In both models, they watched how the gas moved after a star exploded. They measured two specific times:

  1. The "Spin" Time: How long it takes for a large swirl of gas to turn over.
  2. The "Memory" Time: How long the force from the explosion keeps pushing the gas in the same direction before it changes.

The Results: It's Not as "Sticky" as We Thought

The team calculated the "Sticky Factor" (Strouhal number) by dividing the "Memory Time" by the "Spin Time."

  • The Old Assumption: They expected the number to be 1.
  • The Reality: They found the number was actually around 0.25.

The Analogy:
Imagine a child on a swing.

  • The Old View (St = 1): You push the child, and you keep pushing them with the same rhythm for the entire time it takes them to swing forward and back. The push and the swing are perfectly matched.
  • The New View (St = 0.25): You give the child a quick, sharp push, and then you let go. The child swings forward and back on their own momentum. The "push" (the memory of the force) was very short compared to the time it took the child to swing.

In the galaxy simulations, the "push" from a supernova explosion is very short-lived compared to the time it takes for the giant gas swirls to spin around. The force "forgets" itself much faster than the swirls can finish a rotation.

Why Does This Matter? The "Cooling Radius" Secret

The authors didn't just find a number; they figured out why the number is so low.

They propose that supernovae don't push the gas from the very beginning of the explosion all the way out to the giant outer edges.

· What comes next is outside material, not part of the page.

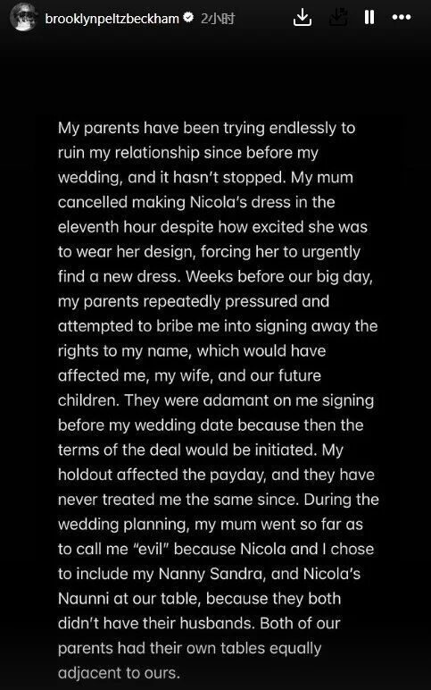 今天,贝克汉姆长子布鲁克林在社媒更新长文,指责贝克汉姆和贝嫂维多利亚一直试图破坏他和妻子的感情关系,并表示他们为了维护自己的表象,不惜在媒体上散布大量谎言。

Instead, the turbulence is mostly created at a specific spot called the cooling radius.

The Metaphor:
Think of a supernova as a firework.

  • When it first explodes, it's a blinding flash (too hot to see the details).
  • As it expands, it hits a "cooling zone" where the gas cools down and becomes unstable. This is like the firework shell cracking open and spraying sparks.
  • The authors found that this is where the real "stirring" happens. At this specific distance (about 25–30 light-years from the explosion), the "push" and the "spin" do match up perfectly (St = 1).

However, the giant swirls we see in the galaxy are much larger than that. By the time the turbulence reaches those giant outer scales, the "push" has already stopped, and the swirls are just coasting on their own.

The Conclusion

The paper concludes that the standard computer models used for decades (which assume the "Sticky Factor" is 1 for the whole galaxy) are actually describing a local event (the cooling zone of a single explosion), not the global behavior of the whole galaxy.

  • What we thought: The galaxy is stirred like a pot of soup where the spoon keeps moving in rhythm with the swirls.
  • What is actually happening: The galaxy is stirred by thousands of tiny, quick jabs (explosions) that happen in specific spots. The big swirls are just the aftermath, spinning long after the jabs have stopped.

This means scientists need to update their models of how gas moves in galaxies, how stars form, and how the universe is structured, because the "memory" of the forces driving it is much shorter than previously believed.